There are no hard statistics, obviously, on the subject, but things may be looking up for male friendships. According to an extensive survey commissioned late last year by Chivas Regal, the independent-minded 20th century has given way to the interconnected 21st. Even if men don't want to be touchy-feely in the flesh, they can communicate more often via Internet, The report—based on interviews with experts and academics—showed that while men are still much less active than women in social media, they tend to focus on a tight knit core of friends. The study also showed that some of the barriers to male friendships are coming down, including the assumption that two men doing anything together must be gay, and the fading stereotype of what makes a real man.
"Male identity in general has been changing," says therapist Dr. Vivian Diller. "They can now show warmth, care about each other, and be more vulnerable without losing their maleness."
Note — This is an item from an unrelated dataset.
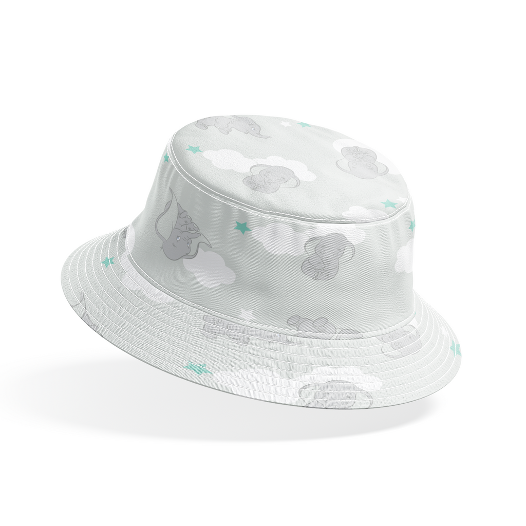 Adorable Disney Dumbo pattern featuring the sweet baby elephant amid fluffy clouds and stars on a soft gray background - perfect for nursery decor or children's rooms.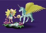 Il va y avoir de la magie dans l’univers Playmobil ! La Crystal Fairy et son animal totem , une licorne de cristal, sont parties en promenade, elles en profitent pour ramasser des cristaux dans un petit étang. Elle pourra les ramener à la source d’énergie enchantée lorsqu’elle aura terminé. Mais attention ! … La Crystal Fairy avec sa licorne doit se méfier des mystérieuses Bat Fairies : elles sont à la recherche des cristaux d’énergie pour les cacher dans leur sombre ruine…

The culture may be reflecting the gradual enhancement of, if not genuine male friendship specifically, at least the kind of man who is capable of it. TNT's Men of a Certain Age, starring Ray Romano, made a valiant attempt to portray contemporary men confiding in one another. Of the five Best Actor Oscar nominees this year, note that: Joaquin Phoenix is a broken war veteran; Denzel Washington a cocky, drug-addicted pilot; Bradley Cooper a rehabbed teacher trying to regain equilibrium; Hugh Jackman, a former prisoner who, at one point, is described as both "mother and father;" and Daniel Day Lewis as an icon who weeps with his wife and combines political savvy with a wounded soul.
Are our sons up to the challenge? Can they remain Old School in the cool ways of male camaraderie, and New Age in creating a better model? One positive sign is that they understand the benefits (not those kind) of having friends of the opposite sex. (Thank you, Friends and Seinfeld.) This may both soften them up when it comes to openness and sharing, and negate the pressure to find male companionship if, or when, they're left alone.